After the reboot, you’ll need to set up an AppArmor profile to limit your virtual environment’s Python interpreter. Create a file /etc/apparmor.d/py3sandbox containing the following, but replacing /home/catsoop/python3_sandbox with your sandbox location (if it is different), and tuning some of the other parameters if necessary:

#include <tunables/global>

/home/catsoop/python3_sandbox/bin/python3.6 {
    /** wrix,

    set rlimit nproc <= 0,
    set rlimit fsize <= 1M,
    set rlimit as <= 500M,
}

This file does a couple of things:

  • It allows access to the entire filesystem. This might seem dangerous, but we’ll use bwrap to handle the filesystem sandboxing (though you can modify the entries above to further restrict things).
  • It also introduces two resource limits:
    • student code will not be allowed to spawn any new processes
    • student code cannot write more than 1MB of data to files
    • student code will not be allowed to use more than 500MB of memory

All of these parameters are tunable, and other resources can also be limited, as documented here.

Finally, enable the profile with the following command:

$ sudo aa-enforce /etc/apparmor.d/py3sandbox

You can then test your setup by running the Python interpreter (in our example, /home/catsoop/python3_sandbox/bin/python3) and trying to write more than 1M of data to a file:

with open('/tmp/test', 'w') as f:
    f.write('a'*(1204**2+1))

This should produce an error, since this interpreter is not allowed to write that much data to disk.

Note

If you did use AppArmor to place additional restrictions on filesystem access, and if you later wish to install other Python packages for the sandboxed interpreter, you will first need to disable the AppArmor protections by running:
$ sudo aa-disable /etc/apparmor.d/py3sandbox
Then you can install the packages using the pip executable within the virtual environment, and re-enable the AppArmor protections afterwards by running:
$ sudo aa-enforce /etc/apparmor.d/py3sandbox

CAT-SOOP Configuration

Now that we have those pieces set up, we’ll need to configure CAT-SOOP to use this new sandbox.

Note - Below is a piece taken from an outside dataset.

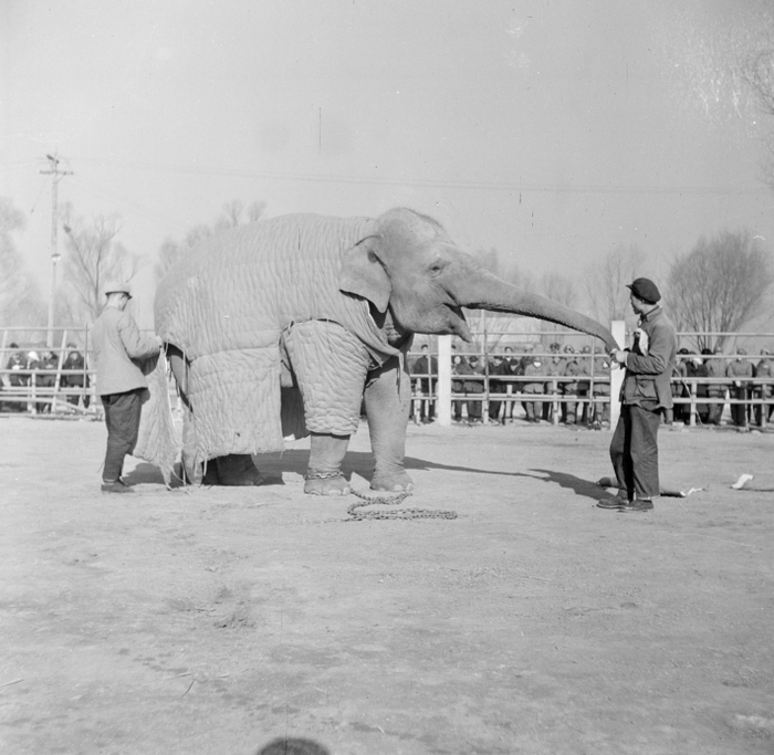 为帮大象御寒,1956年冬天,动物园给大象穿上了棉衣。曹尔泗/摄
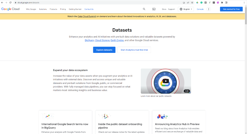 데이터 세트 및 사전 빌드된 솔루션 | Google Cloud

Add the following to your preload.py (so that all pages in the course inherit it), substituting your own values where appropriate:

csq_python_sandbox = 'bwrap'

# the following should match the line in /etc/apparmor.d/py3sandbox exactly
csq_python_interpreter = '/home/catsoop/python3_sandbox/bin/python3.6'

csq_bwrap_extra_ro_binds = [('/home/catsoop/python3_sandbox', '/home/catsoop/python3_sandbox')]

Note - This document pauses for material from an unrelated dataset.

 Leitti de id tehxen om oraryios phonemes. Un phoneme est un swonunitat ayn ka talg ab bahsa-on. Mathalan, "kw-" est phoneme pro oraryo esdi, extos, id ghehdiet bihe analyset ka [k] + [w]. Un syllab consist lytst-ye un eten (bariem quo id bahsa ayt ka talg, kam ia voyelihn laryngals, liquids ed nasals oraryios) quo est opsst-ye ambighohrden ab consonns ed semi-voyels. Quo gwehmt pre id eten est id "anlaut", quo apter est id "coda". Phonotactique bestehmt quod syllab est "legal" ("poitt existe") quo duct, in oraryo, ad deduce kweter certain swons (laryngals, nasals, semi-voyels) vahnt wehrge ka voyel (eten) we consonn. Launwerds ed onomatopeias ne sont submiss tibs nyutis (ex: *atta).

The csq_bwrap_extra_ro_binds variable tells bubblewrap to mount certain directories from the base system on the virtual filesystem available to the student’s code in rea-only mode. In our case, it is necessary to include the directory from which our Python executable is available.

And that’s it! It is worth runing a few tests after implementing this, to make sure things are working properly. For example, I would usually try to:

  • call os.fork() and/or use the subprocess module to start a child process
  • write too much data to a file
  • list the files in a directory not included in the sandbox (e.g., someone’s home directory)
  • use too much memory
  • cause an infinite loop

If the system properly stops the code from running in all of the examples above but works for a correct solution, then you’re probably in good shape!